As a teacher, I am struck by some of the ways in which students treat our interactions. Student emails are often very informal, even given the relaxed norms of electronic communication. For example, I frequently receive emails written without any capital letters, or that address me as "hey!" Another tendency I've noticed is for students to send multiple emails with questions, seemingly as the questions pop into their heads -- and then retracting one or more of the questions, rather than working through the material and drafting one email that contains a few key questions. Towards exam time, I've received emails that appear to be large portions of an outline pasted into an email, followed by the question "is this right?"

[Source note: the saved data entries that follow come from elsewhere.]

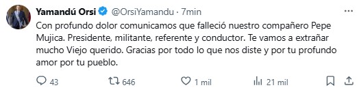 El actual mandatario escribió que “con profundo dolor comunicó que falleció nuestro compañero Pepe Mujica. Presidente, militante, referente y conductor. Te vamos a extrañar mucho Viejo querido”.
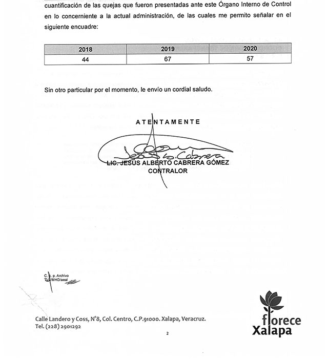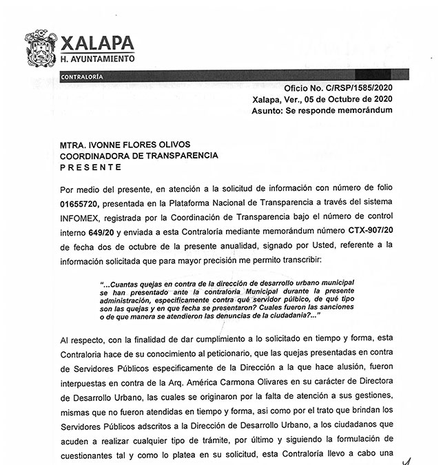 En atención a la solicitud de información 01655720, el contralor del municipio de Xalapa, Jesús Alberto Cabrera Gómez, refirió que contra Carmona Olivares se formularon 168 quejas ante el órgano de control interno.
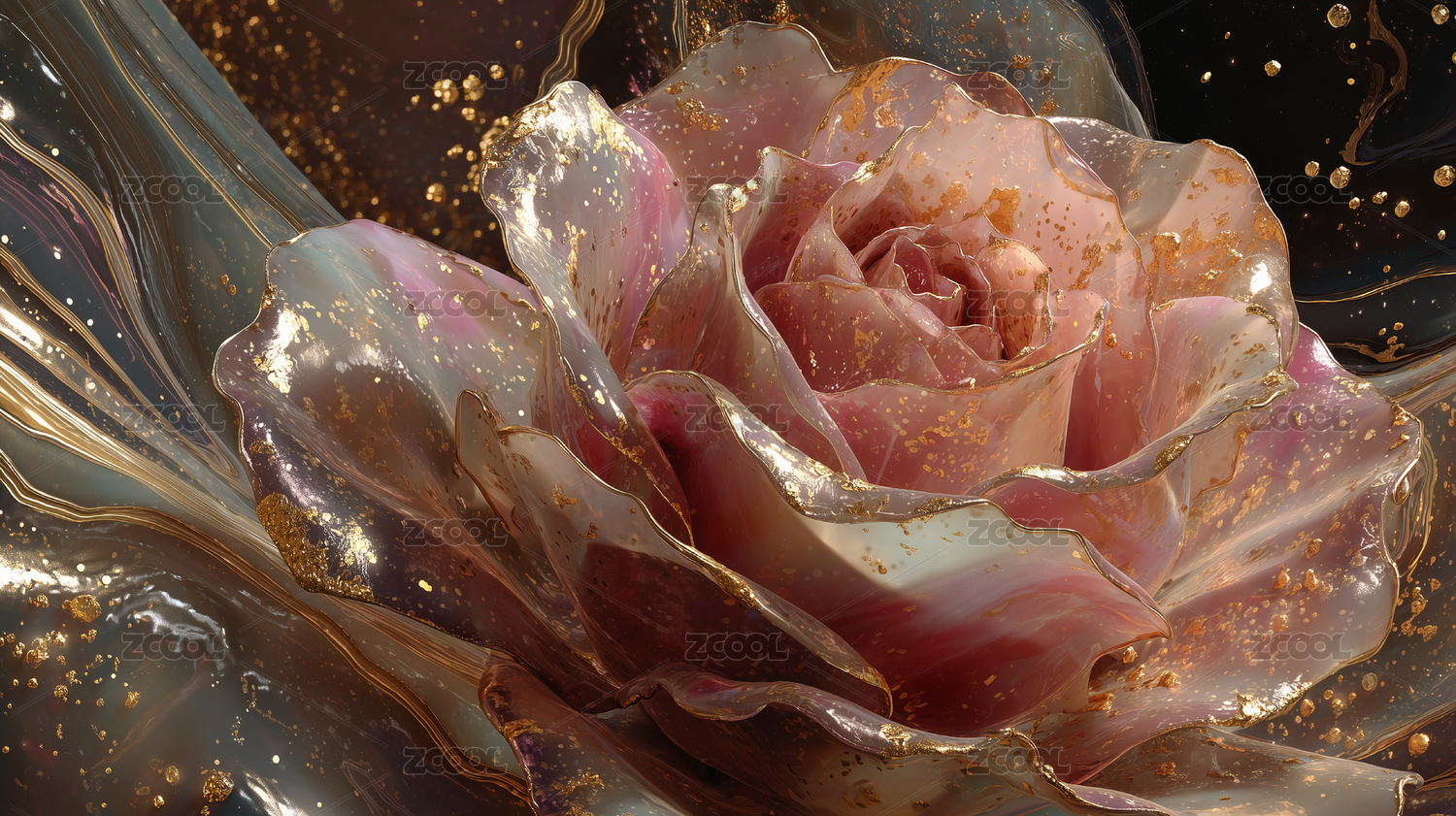 漂亮的金沙油漆抽象艺术玫瑰花插画

I struggle with how to deal with such emails. I'd like my students to know that emails occupy a delicate place in the communications hierarchy: while they do not need to be formal memoranda, they also should not be treated like a text message.
I worry about what would happen if students sent a message to a law firm partner or senior associate that read, "hey! just wondering if u could explain rule 15 stuff to me again." On the other hand, interacting with students is one my favorite parts of teaching, and I hate to seem unavailable or unwilling to answer student questions.
Am I too curmudgeonly? I hate to click my tongue and mutter about how I treated my professors "back in my day," especially since I am a 2001 graduate of college and 2004 law school graduate! But, perhaps we do our students a disservice by failing to direct their attention toward improper workplace etiquette.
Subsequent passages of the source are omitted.